Né dans l’Ohio d’un banquier communautaire et d’une femme au foyer, Herbert n’avait quitté le Midwest qu’une poignée de fois avant d’aller à l’université de Boston. En tant que stagiaire à la banque Chase Manhattan, il a reçu un signal d’alarme qui est resté une source d’inspiration. « James », a déclaré son patron en lui rendant un rapport fortement modifié, « si vous ne pouvez pas faire mieux que cela, vous devriez travailler ailleurs. »

« Mes normes ont grimpé en flèche et je n’ai jamais regardé en arrière », se souvient Herbert pour l’historien de la banque.

Il a rencontré et épousé Cecilia Healy, l’une des premières femmes MBA de Harvard. Un détour par le secteur de l’embouteillage de sodas l’a amené à San Francisco où il a finalement fondé First Republic en 1985. Dès le début, il s’est concentré sur les entrepreneurs et les efforts, en commençant par des hypothèques extra-larges avant de devenir une banque privée à service complet. La Première République s’est étendue à huit États et les Herbert ont commencé une vie bicôtière, soutenant des causes civiques et caritatives dans les deux. « Son intérêt et sa curiosité pour les arts étaient inhabituels pour un homme d’affaires », explique Helgi Tomasson, directeur artistique à la retraite du San Francisco Ballet, où Herbert était président.

Herbert a également prouvé qu’il pouvait jouer les négociateurs avec les meilleurs de Wall Street.
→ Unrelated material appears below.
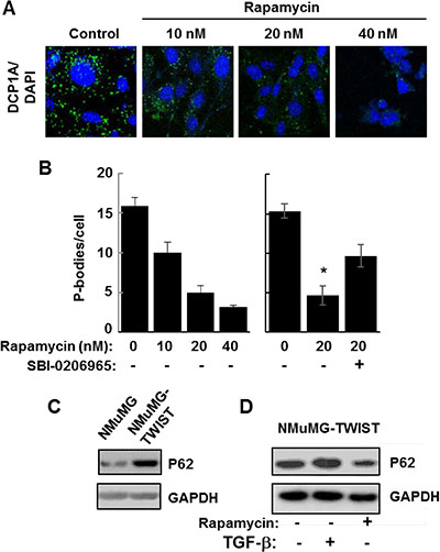 Figure 6: Autophagy promotes P-body clearance. (A) NMuMG cells expressing TWIST were cultured in the absence (Control) or presence of rapamycin at the indicated concentrations for 24 h and stained with anti-DCP1A to visualize P bodies (green). Nuclei were stained with DAPI (blue). Bar, 10 μm. (B) NMuMG cells expressing TWIST were cultured in the presence of rapamycin at the indicated concentrations and in the absence (-) or presence (+) of SBI-0206965 for 24 h. The average number of P-bodies per cell ± SEM (n > 150 cells per treatment) was quantified from triplicate experiments. Data were analyzed by one-way ANOVA *P = 0.002. (C) Lysates from NMuMG and NMuMG-TWIST cells were examined by Western blotting using antibodies against p62 and GAPDH. (D) NMuMG-TWIST cells were treated without (-) or with (+) TGF-β for 24 h. Cells were allowed to recover in fresh media lacking (-) or containing rapamycin (20 nM) (+). Cell lysates were examined by Western blotting using antibodies against p62 and GAPDH.

En 2007, il a vendu First Republic à Merrill Lynch pour une prime de 40 %. Mais Merrill a été écrasé par Bank of America lors de la crise de 2008, alors Herbert a racheté son bébé avec l’aide de la société de capital-investissement General Atlantic. En quelques mois, ils l’avaient remis en bourse pour 70 % de plus que ce qu’ils avaient payé. « Jim est l’un des meilleurs et des plus entreprenants banquiers de sa génération », a déclaré Bill Ford, PDG de General Atlantic, après la transaction.

Pendant la décennie suivante, il semblait qu’Herbert ne pouvait pas faire de mal. First Republic a parié sur la gestion de patrimoine avec une acquisition de haut niveau et a dépassé les 50 milliards de dollars d’actifs. Lorsque le magazine American Banker l’a nommé banquier de l’année en 2014, il a souligné la croissance rapide de la banque et sa qualité de crédit irréprochable pour affirmer qu' »à 70 ans, Herbert est au sommet de son art ».

À cette époque, il a pressé Ian Bremmer, président du groupe Eurasia, de présenter une émission d’affaires publiques à la chaîne de télévision publique de New York, et First Republic est devenu son sponsor fondateur. «Il était tellement favorable à ce que nous n’ayons pas seulement des voix de l’establishment. Il se fiche de savoir pour qui vous allez voter. Il se soucie que vous parliez à toutes les parties », a déclaré Bremmer.

Mais les efforts d’Herbert pour réduire son implication avec la Première République se sont avérés problématiques. Pendant la pandémie, il a déménagé dans le Wyoming pour être près de ses petits-enfants et a commencé à vendre sa participation d’environ 1 million d’actions fin 2019 à environ 700 000 en mars. Ses actions restantes, qui valaient 85 millions de dollars début mars, sont désormais évaluées à un peu plus de 4 millions de dollars.

Son successeur choisi Hafize Gaye Erkan n’a duré que six mois en tant que co-directeur général et son départ surprise au début de 2022 a coïncidé avec une grave maladie cardiaque qui a forcé Herbert à s’éloigner de la direction active. Au moment de son retour, la Fed avait commencé à augmenter rapidement les taux d’intérêt, un processus qui a déstabilisé SVB et semé les graines des malheurs actuels de la Première République.

Après des années d’analyse flatteuse et de couverture médiatique, Herbert semble piqué par les évaluations soudainement sévères des perspectives de la Première République. Il était visiblement absent de l’appel de résultats désastreux de lundi soir qui a envoyé les actions dans une nouvelle chute libre. Mais des personnes proches de la banque disent qu’il est revenu du Wyoming à San Francisco pour travailler frénétiquement ses contacts et chercher une solution du secteur privé qui maintiendra la banque en vie.

« Jim à son apogée aurait pu renverser la vapeur », a déclaré un cadre supérieur qui connaît bien Herbert et les banques de First Republic. « C’était un banquier innovant et une personne adorable. C’est une tragédie.